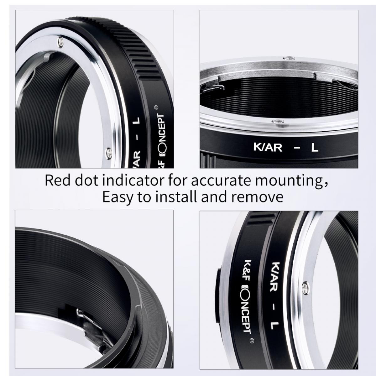 Vysoko presný adaptér objektívu K&F K/AR-L umožňuje používať objektívy Konica AR na fotoaparátoch Leica L. Je vyrobený z medi a zliatiny hliníka, ponúka hladké upevnenie, manuálne ovládanie clony prostredníctvom integrovaného clonového prstenca a podporu nekonečného zaostrenia.
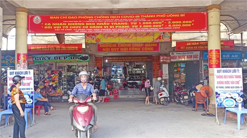 Uông Bí tăng cường công tác phòng, chống dịch bệnh Covid-19 trong dịp lễ tại các chợ truyền thống
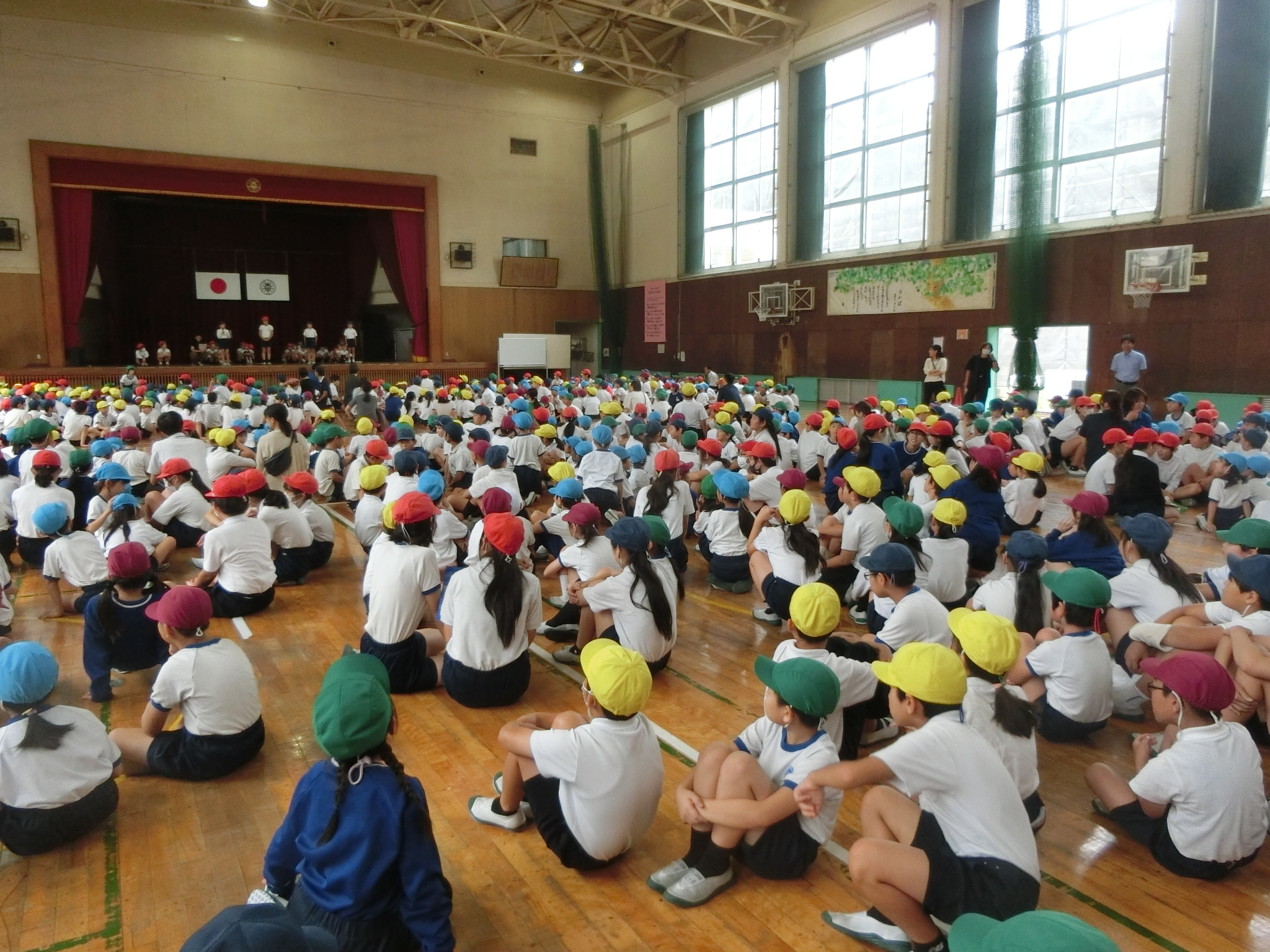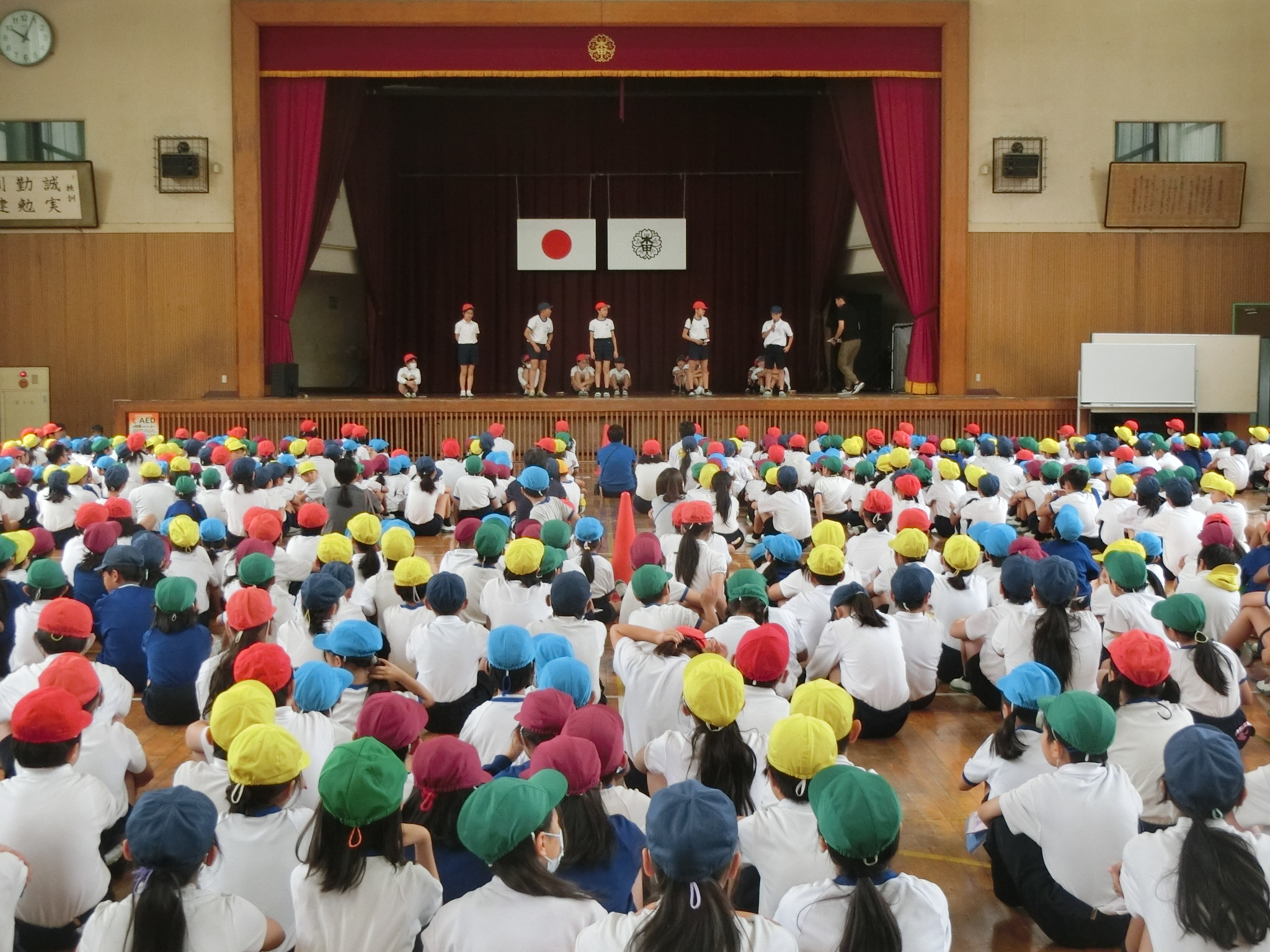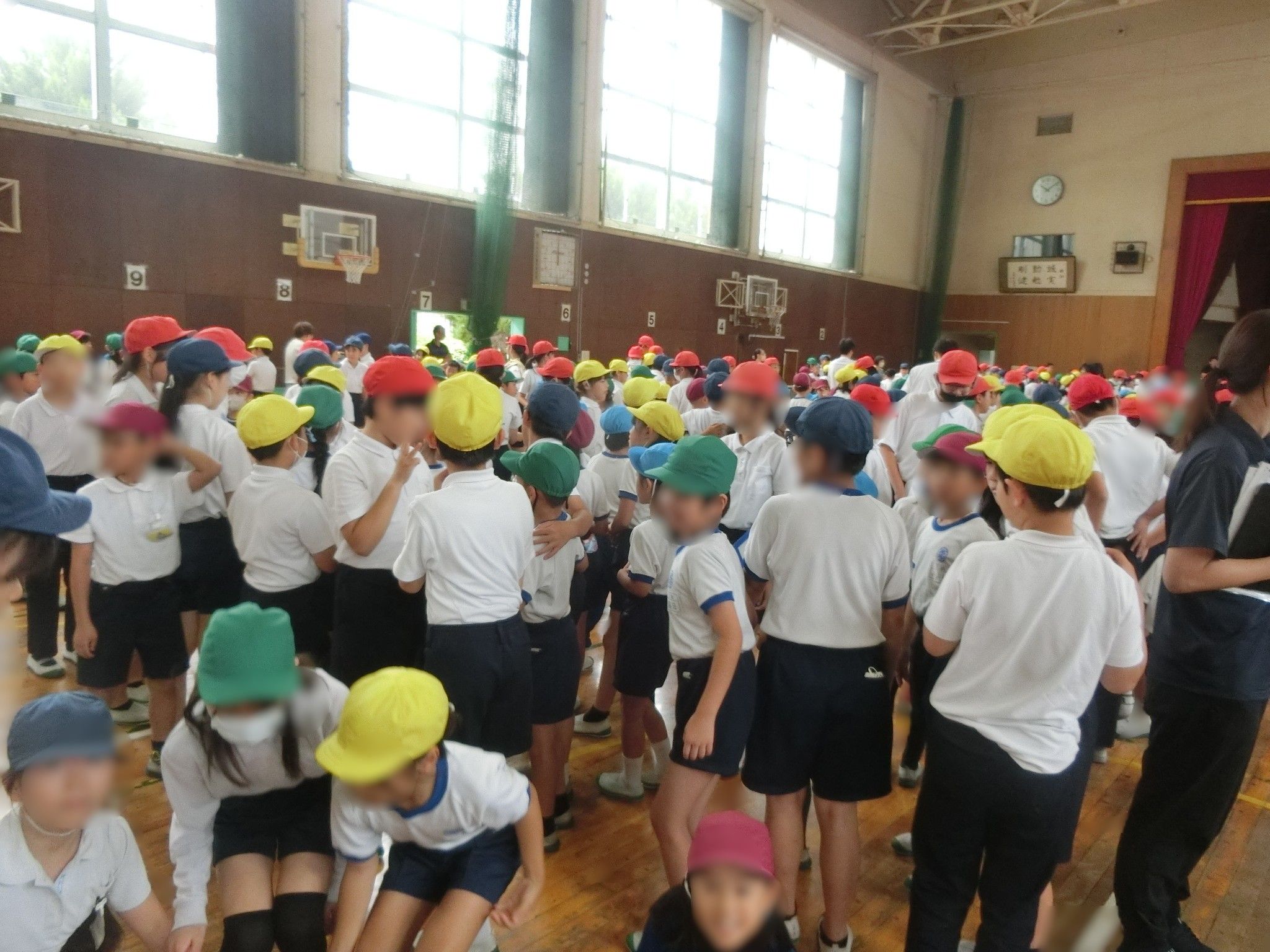 体育館に全校児童が集まり、運営委員会が司会・進行をしながら「みんなで集まろうゲーム」をしました。

################

WHAT TO DO: Nothing but the lines from the line containing "Uông Bí tăng" through the end of the data, both ends included, is to be reproduced, exactly as written and without the pictures.

EXERCISE SOLUTION:
 Uông Bí tăng cường công tác phòng, chống dịch bệnh Covid-19 trong dịp lễ tại các chợ truyền thống
 体育館に全校児童が集まり、運営委員会が司会・進行をしながら「みんなで集まろうゲーム」をしました。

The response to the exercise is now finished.